‘Found’: A Memoir That Teaches Us How to Pray

I can remember when I had a “quiet time” every day. I began the practice in junior high, when at my evangelical mega-church I took a class titled, appropriately, Quiet Time. The book, written by our teacher, showed sunrise breaking through a forest, in presumably just the way God’s light would break into our darkness when we followed the steps the book outlined. I can still picture our teacher, a soft-spoken white southern gentleman, saying that it didn’t have to happen in the morning, but that there was just something special about early morning prayer. The psalmist is always talking about meeting God in the morning, he said.
It was a good book, a helpful class, and a beneficial practice. I learned to keep a prayer journal, where every day (every evening, to be honest) I would note four things:
Something I was grateful for.
Something I learned from my daily Scripture reading.
How I intended to apply that Scripture.
A list of prayer requests for others.
This kind of quiet time, born of 17th-century Pietism’s emphasis on an individual connection to God in devotions and prayer, is a central part of evangelical faith today. In accountability groups in high school, we used to ask each other, “How are your quiet times going?” If you weren’t having your quiet times, we would pray for you, because you obviously weren’t growing spiritually. Or pleasing God. Or something.

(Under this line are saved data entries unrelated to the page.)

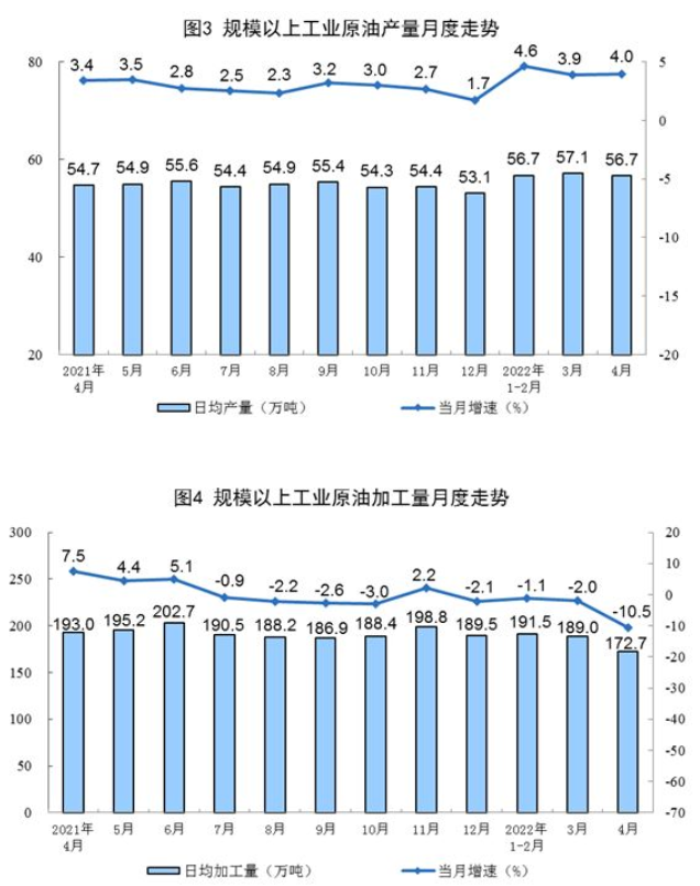 原油生產(chǎn)穩(wěn)定增長,進口由降轉(zhuǎn)增。4月份,生產(chǎn)原油1700萬噸,同比增長4.0%,增速比上月加快0.1個百分點,日均產(chǎn)量56.7萬噸。進口原油4303萬噸,同比增長6.6%,上月為下降14.0%。
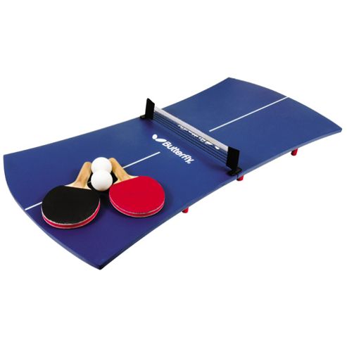 A great fun sized table tennis table with a unique flare design shape and 12mm wooden playing surface. Suitable for all ages and for playing anywhere, the table simply folds in half for storage. The set comes complete with two mini bats, net and post set and 2 full size balls.
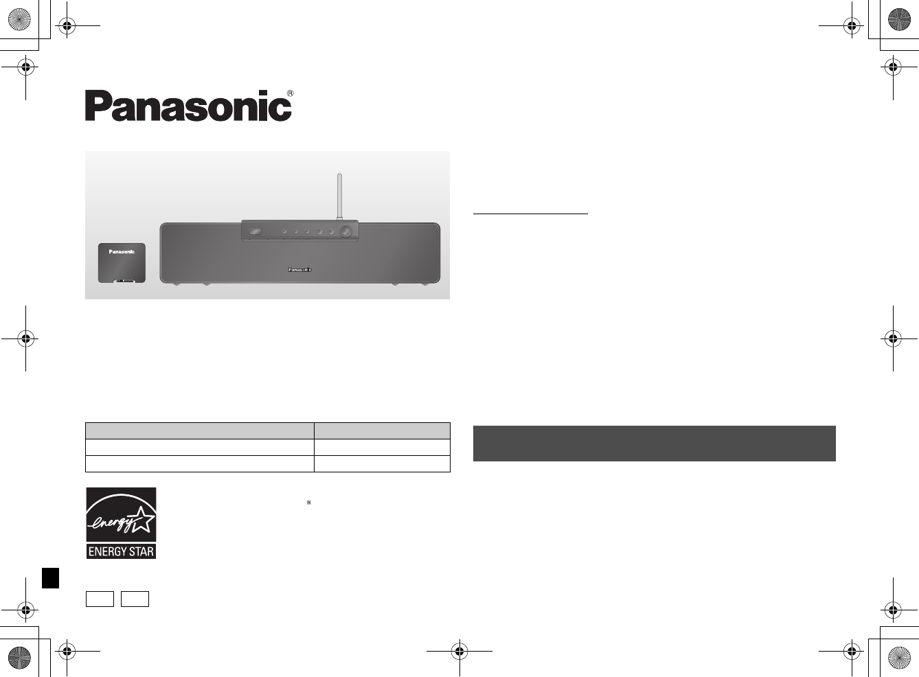 Panasonic Corporation of North America Wireless Sound System RQTX FX85 En
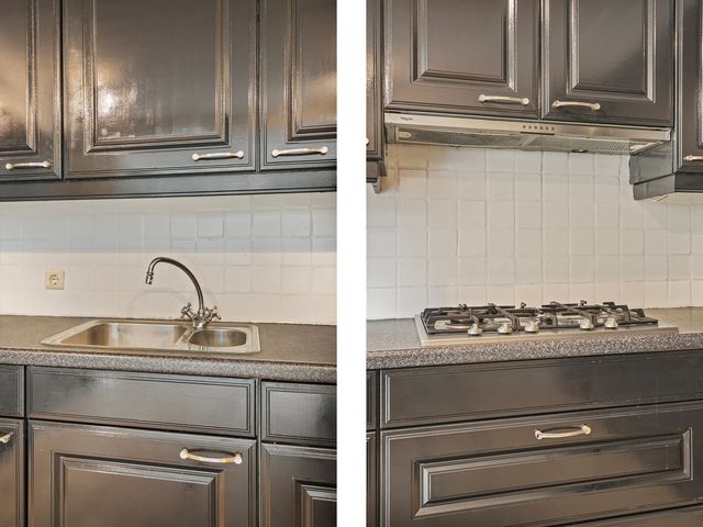 Vanuit de keuken is de bijkeuken te bereiken.
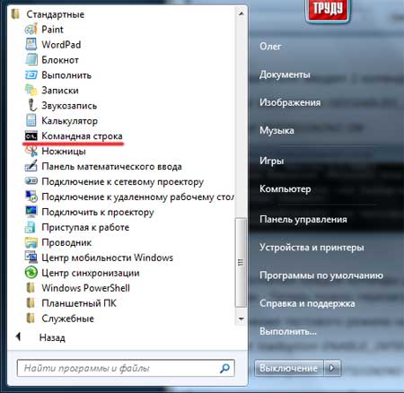 Заходим в командную строку: Пуск – Все программы – Стандартные – Командная строка:

At least, that’s what we thought then. It’s also how Micha Boyett, author of Found: A Story of Questions, Grace, and Everyday Prayer (Worthy, 2014) feels in the early months of motherhood, when her routines and spiritual disciplines are upended by the arrival of a little human who brings joy, pain, and lots and lots of sleep deprivation.
“My first year of motherhood I lost prayer,” she writes. “I lost early mornings of quiet, mornings in my pajamas with a Bible in my lap … I lost the Spirit life I had known. I blamed myself.” Boyett tries: She wakes up early, only to have the baby wake up early, too. She falls asleep praying, she’s distracted by her baby’s beauty, she can’t find the rhythm again.
Inspired by Kathleen Norris’s The Cloister Walk, Boyett — who was raised Baptist and identifies as an evangelical — begins to look for a new rhythm, believing with the Benedictines that there is “time in each day for prayer, for work, for study, and for play.”
If Found were like the spiritual living books I grew up reading, you would know what to expect next. Each chapter would begin with an engaging or funny story, move on to state a clear principle from the Benedictine rule of life, then elaborate with Bible verses and interpretation and some suggested action points. It would be like most of the books on prayer we already have.
Boyett’s book is different; in a style that is both ancient and postmodern, she relies on story to teach us to pray, rather than offering instruction or steps to success.
In content, Found should be shelved with “Spiritual Living” or “Prayer”; but in style, it belongs on the “Memoir” shelf. It’s about prayer, but it seeks to connect in a personal way, rather than to instruct in a universal way. And that idea — that we can teach by being personal, flawed, and questioning, rather than by didactic instruction — is as old as Teresa of Avila’s Interior Castle, and as new as Jimmy Fallon hosting The Tonight Show with sincerity and vulnerability.
Instead of teaching, Boyett shows, coming alongside the reader like the Young Life leader she once was. She takes us on a walk to the neighborhood park, and she lets us see her talk about God with her friends. She gives up dark chocolate for Lent, and finds out how that can remind her to rest in God. She allows us to hear the short prayers she whispers as she pushes the stroller, calms the baby’s tears, kneels in church, and makes friends in a new city.
But that doesn’t mean that her book is just a personal story. Woven throughout the narratives are lessons learned from her study of scripture and Benedictine life. Found demonstrates the ways that the Rule of Benedict can speak into the quotidian mysteries of modern domestic life.
Boyett’s writing will appeal to fans of Ann Voskamp’s (Voskamp wrote the foreword for Found). Some readers — perhaps especially we cynical Gen X-ers? — may struggle to take her sincere, emotional tone seriously. At times her prose is almost too lyrical, and the mundane events of her life seem impossibly weighted with meaning. But this flaw lies more in the reader than in the writing, and ultimately Boyett reminds me to be more serious and sincere about my own life of faith.
Prayer and quiet times are important, as I learned in junior high; but Boyett shows us that connecting with God doesn’t have to follow the same formula throughout your life. She finds that God is full of grace, even for the prayerless, and always ready to meet us — not just in quiet times, but in all times.